Re: Use generation context to speed up tuplesorts - Mailing list pgsql-hackers

From Ronan Dunklau
Subject Re: Use generation context to speed up tuplesorts
Date
Msg-id 3470027.R56niFO833@aivenronan
Whole thread Raw
In response to Re: Use generation context to speed up tuplesorts  (Ronan Dunklau <ronan.dunklau@aiven.io>)
Responses Re: Use generation context to speed up tuplesorts
List pgsql-hackers
Le jeudi 20 janvier 2022, 08:36:46 CET Ronan Dunklau a écrit :
> Le jeudi 20 janvier 2022, 02:31:15 CET David Rowley a écrit :
> > On Tue, 18 Jan 2022 at 19:45, Julien Rouhaud <rjuju123@gmail.com> wrote:
> > > I'm also a bit confused about which patch(es) should actually be
> > > reviewed
> > > in that thread.  My understanding is that the original patch might not
> > > be
> > > relevant anymore but I might be wrong.  The CF entry should probably be
> > > updated to clarify that, with an annotation/ title change / author
> > > update
> > > or something.
> > >
> > > In the meantime I will switch the entry to Waiting on Author.
> >
> > I think what's going on here is a bit confusing.
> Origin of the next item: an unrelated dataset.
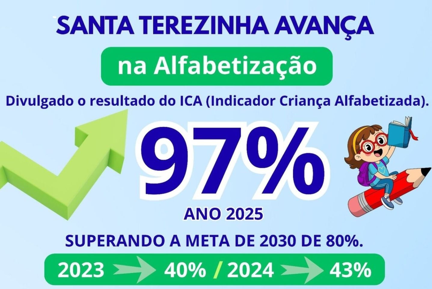 “Com alegria e gratidão, celebramos esse grande resultado do Indicador Criança Alfabetizada ICA de Santa Teresinha. Saímos de 40% em 2023 para 97% das crianças alfabetizadas em 2025, superando a meta estabelecida para nosso município para o ano de 2030! Isso só fortalece nossos esforços e reafirma o compromisso de toda a equipe com a alfabetização de todas as crianças na idade certa. É hora de comemorar, mas também de seguirmos firmes realizando o nosso trabalho com responsabilidade e empenho dobrados para que este resultado siga em ascensão”, enfatizou.

There's quite a few
> > patches on here that aim to do very different things.
> >
> > The patch I originally proposed was just to make tuplesort use
> > generation memory contexts. This helps speed up tuplesort because
> > generation contexts allow palloc() to be faster than the standard
> > allocator. Additionally, there's no power-of-2 wastage with generation
> > contexts like there is with the standard allocator. This helps fit
> > more tuples on fewer CPU cache lines.
> >
> > I believe Andres then mentioned that the fixed block size for
> > generation contexts might become a problem. With the standard
> > allocator the actual size of the underlying malloc() grows up until a
> > maximum size.  With generation contexts this is always the same, so we
> > could end up with a very large number of blocks which means lots of
> > small mallocs which could end up slow.  Tomas then posted a series of
> > patches to address this.
> >
> > I then posted another patch that has the planner make a choice on the
> > size of the blocks to use for the generation context based on the
> > tuple width and number of tuple estimates. My hope there was to
> > improve performance further by making a better choice for how large to
> > make the blocks in the first place.  This reduces the need for Tomas'
> > patch, but does not eliminate the need for it.
> >
> > As of now, I still believe we'll need Tomas' patches to allow the
> > block size to grow up to a maximum size.  I think those patches are
> > likely needed before we think about making tuplesort use generation
> > contexts.  The reason I believe this is that we don't always have good
> > estimates for the number of tuples we're going to sort.  nodeSort.c is
> > fairly easy as it just fetches tuples once and then sorts them.  The
> > use of tuplesort for nodeIncrementalSort.c is much more complex as
> > we'll likely be performing a series of smaller sorts which are much
> > harder to get size estimates for. This means there's likely no magic
> > block size that we can use for the generation context that's used to
> > store the tuples in tuplesort.  This is also the case for order by
> > aggregates and probably most other usages of tuplesort.
>
> You left out the discussion I started about glibc's malloc specific
> behaviour.
>
> I tried to demonstrate that a big part of the performance gain you were
> seeing were not in fact due to our allocator by itself, but by the way
> different block sizes allocations interact with this malloc implementation
> and how it handles releasing memory back to the system. I also tried to
> show that we can give DBAs more control over how much memory to "waste" as
> the price for faster allocations.
>
> I agree that the generation context memory manager is useful in the
> tuplesort context, if only for the fact that we fall back to disk less
> quickly due to the reduced wastage of memory, but I would be wary of
> drawing conclusions too quickly based on a specific malloc implementation
> which shows threshold effects, which are compounded by our growing block
> sizes code in general.
>
> I have on my TODO list to run the same kind of benchmarks using jemalloc, to
> better isolate the performance gains expected from the generation allocator
> itself from the side effect of avoiding glibc's pattern of releasing memory
> back to the kernel too quickly.
>

I've run the same 1-to-32-columns sort benchmark, using both glibc malloc and
jemalloc, with the standard aset memory manager or with David's generation v2
patch.  To use jemalloc, I just use a LD_PRELOAD env variable before starting
postgres.

I have not tried to measure jemalloc's memory footprint like I did for glibc's
malloc in the previous benchmark, as I'm not trying to evaluate jemalloc as a
glibc's malloc replacement.

Please find the results attached. As I suspected, most of the gain observed
with David's patch come from working around glibc's malloc idiosyncracies but
the good news is that it also helps (to a lesser degree) with jemalloc.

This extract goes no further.